• Given information
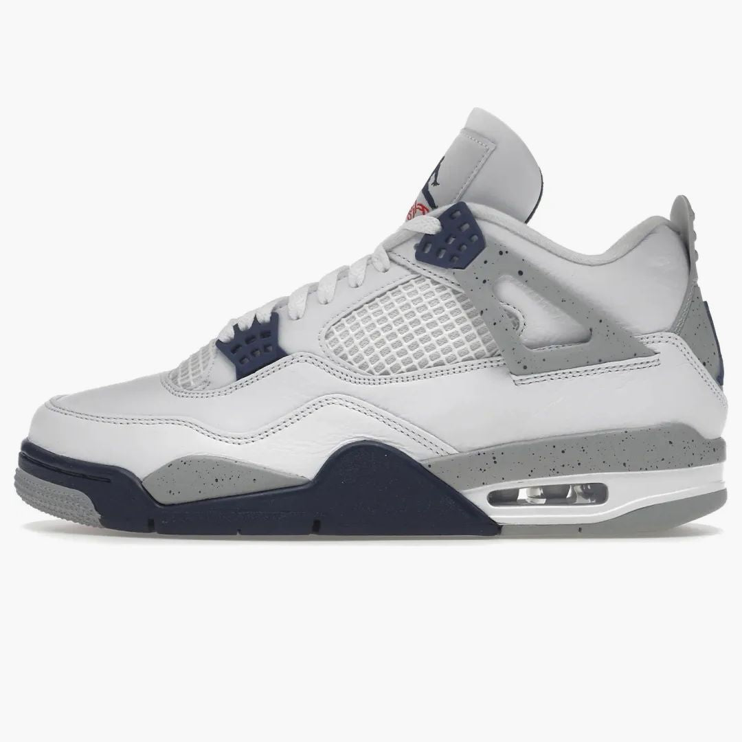 The Jordan 4 Retro Midnight Navy combines classic design with fresh style. The flawless white leather surface is underlined by black accents on the stable wings and the heel tab, which shows the legendary Jumpman. Depth, navy blue Ösen set a striking color accent. On the tongue, another Jumpman logo attracts attention in a strong red. The midsole made of polyurethane offers excellent wearing comfort with built-in Air technology, which is visible in the heel area and in the forefoot. This sneaker made its debut in October 2022 and is an absolute must-have for sneaker lovers who appreciate a stylish, modern, but still timeless design.Authenticity Guaranteed
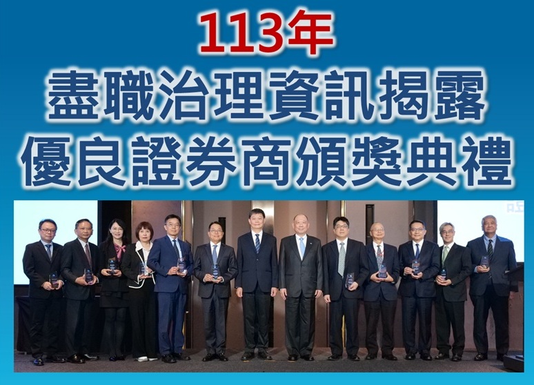 臺灣證券交易所股份有限公司於今(114)年11月18日舉辦「114 年度證券經紀商及自營商高階主管業務宣導會」暨「113年度機構投資人盡職治理資訊揭露優良證券商頒獎典禮」,邀請金管會證券期貨局、證券商公會以及證券商經紀與自營高階主管共同參與,約120餘人出席,活動順利圓滿結束。本次會議共表揚11家於113年度盡職治理資訊揭露表現優異之證券商,顯示業者對履行機構投資人責任的重視程度持續提升,有助強化我國資本市場的公司治理品質,金管會及證交所對得獎證券商均表達肯定之意,並藉此感謝券商同業長期支持各項政策措施,攜手推動我國資本市場治理品質持續精進。
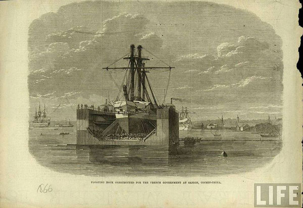 Ụ tàu nổi được mang từ Pháp sang Sài Gòn để thành lập xưởng Ba Son (Ảnh: LIFE)

• Task description
Your reply should consist of the data, transcribed exactly, and should hold no pictures.

• Exercise response
 The Jordan 4 Retro Midnight Navy combines classic design with fresh style. The flawless white leather surface is underlined by black accents on the stable wings and the heel tab, which shows the legendary Jumpman. Depth, navy blue Ösen set a striking color accent. On the tongue, another Jumpman logo attracts attention in a strong red. The midsole made of polyurethane offers excellent wearing comfort with built-in Air technology, which is visible in the heel area and in the forefoot. This sneaker made its debut in October 2022 and is an absolute must-have for sneaker lovers who appreciate a stylish, modern, but still timeless design.Authenticity Guaranteed
 臺灣證券交易所股份有限公司於今(114)年11月18日舉辦「114 年度證券經紀商及自營商高階主管業務宣導會」暨「113年度機構投資人盡職治理資訊揭露優良證券商頒獎典禮」,邀請金管會證券期貨局、證券商公會以及證券商經紀與自營高階主管共同參與,約120餘人出席,活動順利圓滿結束。本次會議共表揚11家於113年度盡職治理資訊揭露表現優異之證券商,顯示業者對履行機構投資人責任的重視程度持續提升,有助強化我國資本市場的公司治理品質,金管會及證交所對得獎證券商均表達肯定之意,並藉此感謝券商同業長期支持各項政策措施,攜手推動我國資本市場治理品質持續精進。
 Ụ tàu nổi được mang từ Pháp sang Sài Gòn để thành lập xưởng Ba Son (Ảnh: LIFE)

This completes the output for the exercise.